Outsourcing can produce some spectacular results. How about a return on investment (ROI) of 404 percent? And guess who turned in such stellar results? Those much maligned application service providers (ASP).
Late last year IDC, the Framingham, Massachusetts IT research and services firm, conducted 54 case studies of ASP relationships. The analysts spent about half a day with each company who participated, reports Jessica Goepfert, program manager for ASPs and business service providers (BSP) for IDC. "Customers are getting a tremendous return on their ASP investment," says the analyst. In almost all cases, the ASP outsourcing relationship helped these buyers "transform their business."
These successes occurred in a year when ASPs endured a lot of bad press. Goepfert attributes that to the stratospheric hopes that turned out to be based on unrealistic hype. "Now the dust is settling," she says.
Heavy Consolidation to Continue This Year
There was "a heavy amount of consolidation" in the ASP zone last year. The analyst says the consolidation was due to both an oversupply of suppliers and poorly conceived business plans by some of the newcomers. ASPs disappeared by either going out of business or finding themselves acquired by a bigger, more successful company. Goepfert expects this consolidation trend to continue this year, too.
That said, she nonetheless predicts this year will be a more prosperous one for ASPs if "they can do a better job of conveying their value proposition." She expects the IDC findings to help ASPs sign more contracts this year.
Successful ASPs will adopt more of a focus this year, be it by company size, vertical industry or (better yet) both, she says. "ASPs are realizing they can't be everything to everybody," she notes. This year's winners will focus on a few complimentary markets. Two good examples are Portera, which concentrates on the professional services industry, and Trizetto, which is a health care specialist. One of the big benefits of a vertical focus is that happy clients will tell their peers. "Word of mouth marketing is a cheap way to go," the analyst points out.
In addition, the ASP bifurcation will continue. On one hand are ASPs like Corio and Agilera who offer large, complex enterprise applications using someone else's software. These ASPs have realized their delivery model is not one-to-many but one-to few and have adjusted accordingly.
Large ASPs Face Off With 'The Big Boys'
This year these ASPs are targeting larger customers. In this quest, the analyst predicts they will face some stiff competition from the big guys in the IT world, like EDS, IBM and CSC, who are adopting some aspects of the ASP delivery method.
The other group is composed of ASPs who developed their own applications directly for the Web, like Upshot and OpenAir. Goepfert says there are hundreds of these smaller companies. She expects to see a continued consolidation among these "Web-native" ASPs.

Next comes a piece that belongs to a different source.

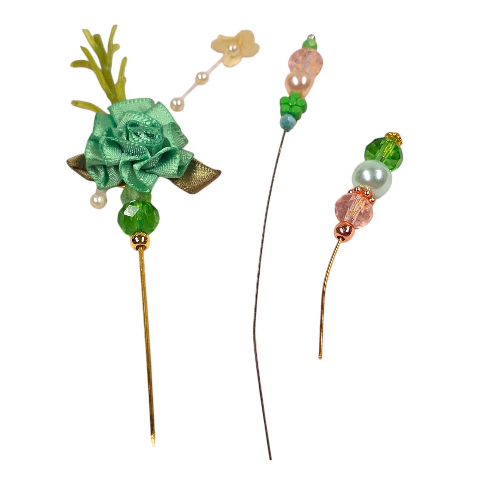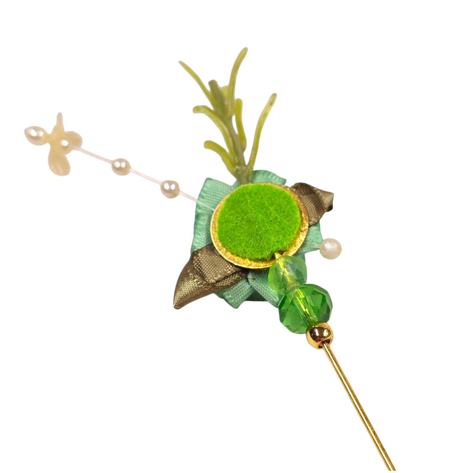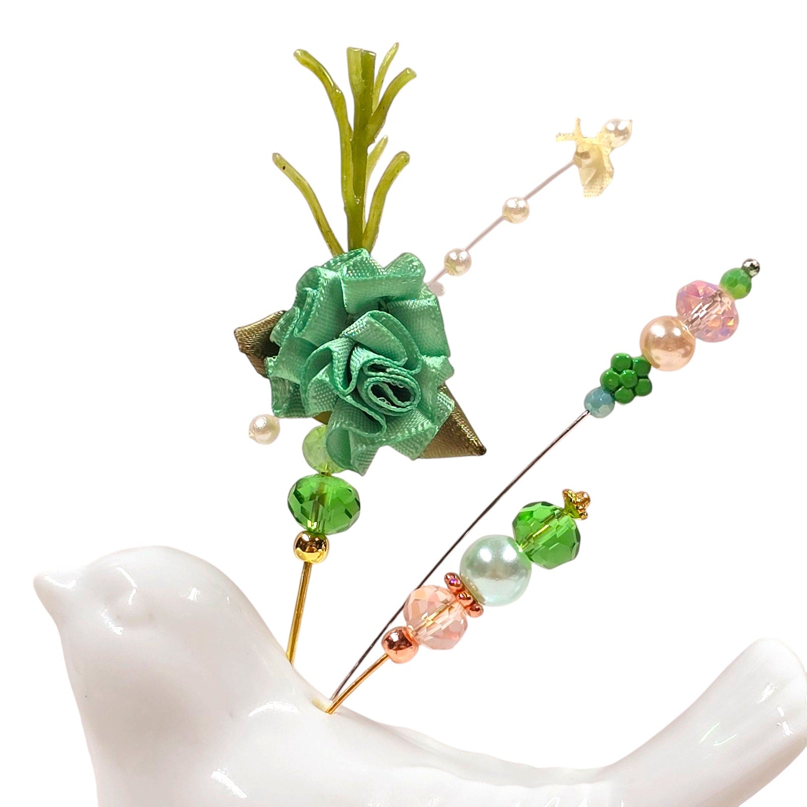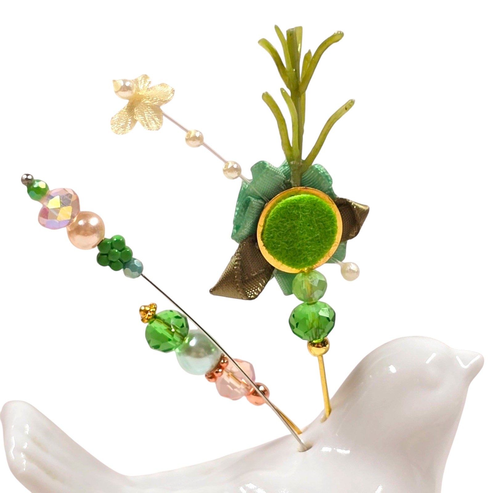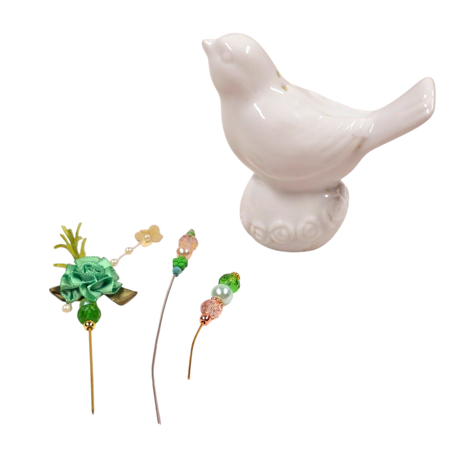 Vintage Green Floral Accent White Bird Salt Shaker Hat Pin Display

BSPs are an emerging market. IDC's definition of a BSP is a company that takes on the support or execution of a business process, charges a fee for its services, and delivers the service on a one to many basis over the network, typically the Internet. The BSPs who have made the greatest inroads are those in the customer care and finance and accounting fields, she reports. She feels the BSPs will grow more slowly this year because of the down economy. "People right now are risk adverse when it comes to trying a new business model," she says.
Unlike ASPs, companies look to a BSP when they want to outsource a business process. Companies selecting an ASP view this more as an application purchasing decision, not an outsourcing decision, she notes. "Right now no one is buying new applications. So ASPs are not getting a crack at any new deals," she says. An economy recovery in the second half might release some pent up demand for them.
Finally, Goepfert predicts the telecommunications companies will "dip their toes into the ASP space." The ASPs, on their part, are aiding this entry.
Lessons from the Outsourcing Journal:
- Last year IDC discovered the ASP customers it surveyed enjoyed a 404 percent return on investment.
- The heavy ASP consolidation that began last year will continue this year.
- Successful ASPs will start to gain focus by honing in on a particular company or choosing vertical markets.
- Telecommunications suppliers will try the ASP delivery method this year.